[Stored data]

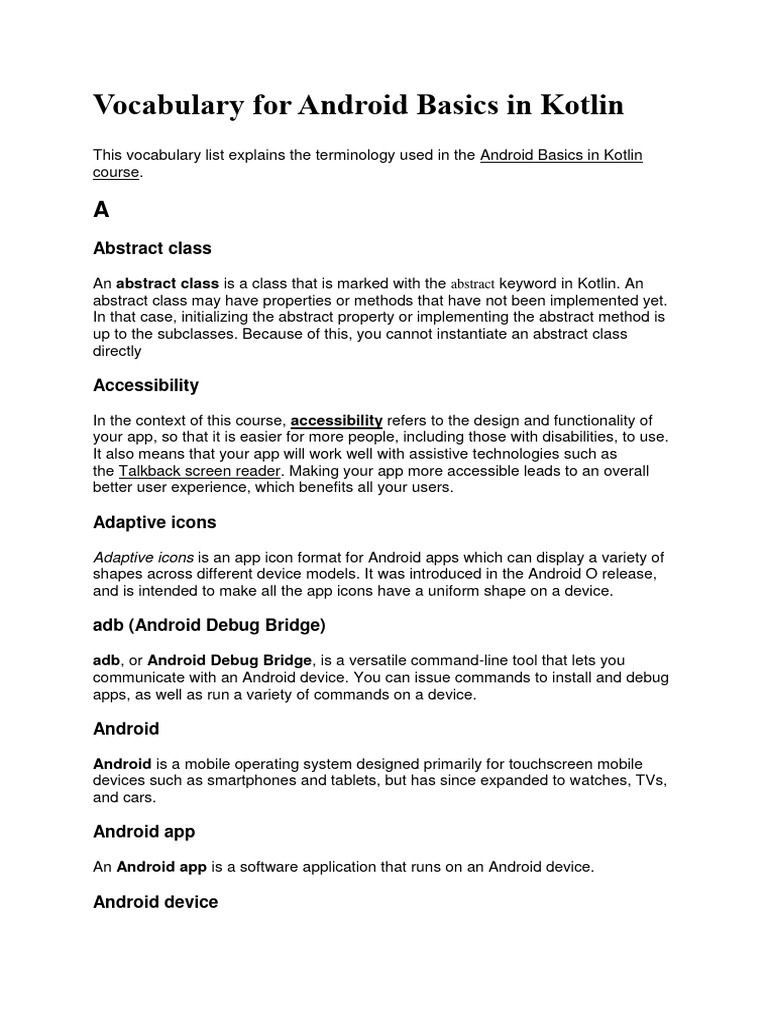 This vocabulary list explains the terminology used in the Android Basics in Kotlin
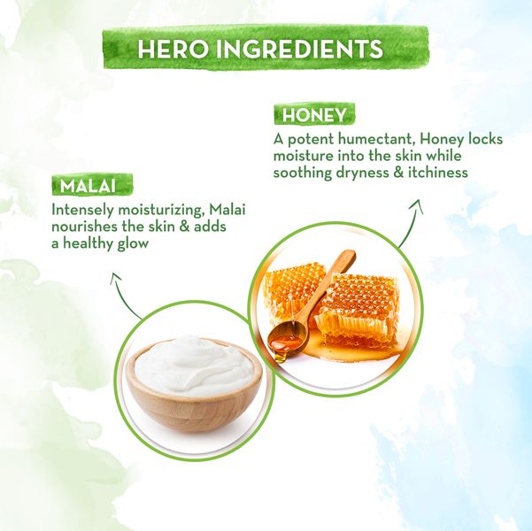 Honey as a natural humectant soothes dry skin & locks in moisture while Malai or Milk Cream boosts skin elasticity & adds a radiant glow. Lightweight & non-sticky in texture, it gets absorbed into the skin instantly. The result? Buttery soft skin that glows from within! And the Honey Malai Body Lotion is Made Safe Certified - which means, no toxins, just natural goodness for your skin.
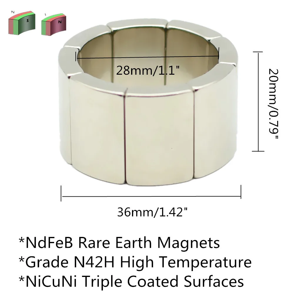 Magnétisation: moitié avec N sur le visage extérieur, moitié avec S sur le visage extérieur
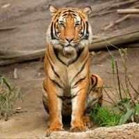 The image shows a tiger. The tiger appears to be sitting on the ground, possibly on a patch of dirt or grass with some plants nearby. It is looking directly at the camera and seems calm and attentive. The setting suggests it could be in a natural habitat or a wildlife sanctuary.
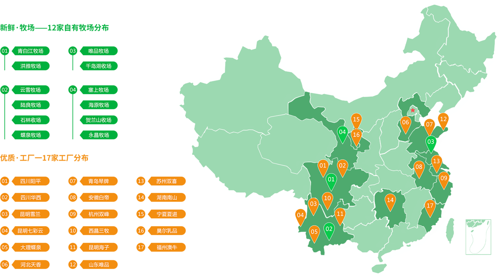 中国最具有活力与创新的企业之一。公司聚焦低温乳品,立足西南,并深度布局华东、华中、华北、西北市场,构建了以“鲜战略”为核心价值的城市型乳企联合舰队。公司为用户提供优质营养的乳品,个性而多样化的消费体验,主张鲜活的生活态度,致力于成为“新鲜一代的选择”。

Work task »
Leaving every image behind, repeat the data in full and exactly.

Solution for this task »
 This vocabulary list explains the terminology used in the Android Basics in Kotlin
 Honey as a natural humectant soothes dry skin & locks in moisture while Malai or Milk Cream boosts skin elasticity & adds a radiant glow. Lightweight & non-sticky in texture, it gets absorbed into the skin instantly. The result? Buttery soft skin that glows from within! And the Honey Malai Body Lotion is Made Safe Certified - which means, no toxins, just natural goodness for your skin.
 Magnétisation: moitié avec N sur le visage extérieur, moitié avec S sur le visage extérieur
 The image shows a tiger. The tiger appears to be sitting on the ground, possibly on a patch of dirt or grass with some plants nearby. It is looking directly at the camera and seems calm and attentive. The setting suggests it could be in a natural habitat or a wildlife sanctuary.
 中国最具有活力与创新的企业之一。公司聚焦低温乳品,立足西南,并深度布局华东、华中、华北、西北市场,构建了以“鲜战略”为核心价值的城市型乳企联合舰队。公司为用户提供优质营养的乳品,个性而多样化的消费体验,主张鲜活的生活态度,致力于成为“新鲜一代的选择”。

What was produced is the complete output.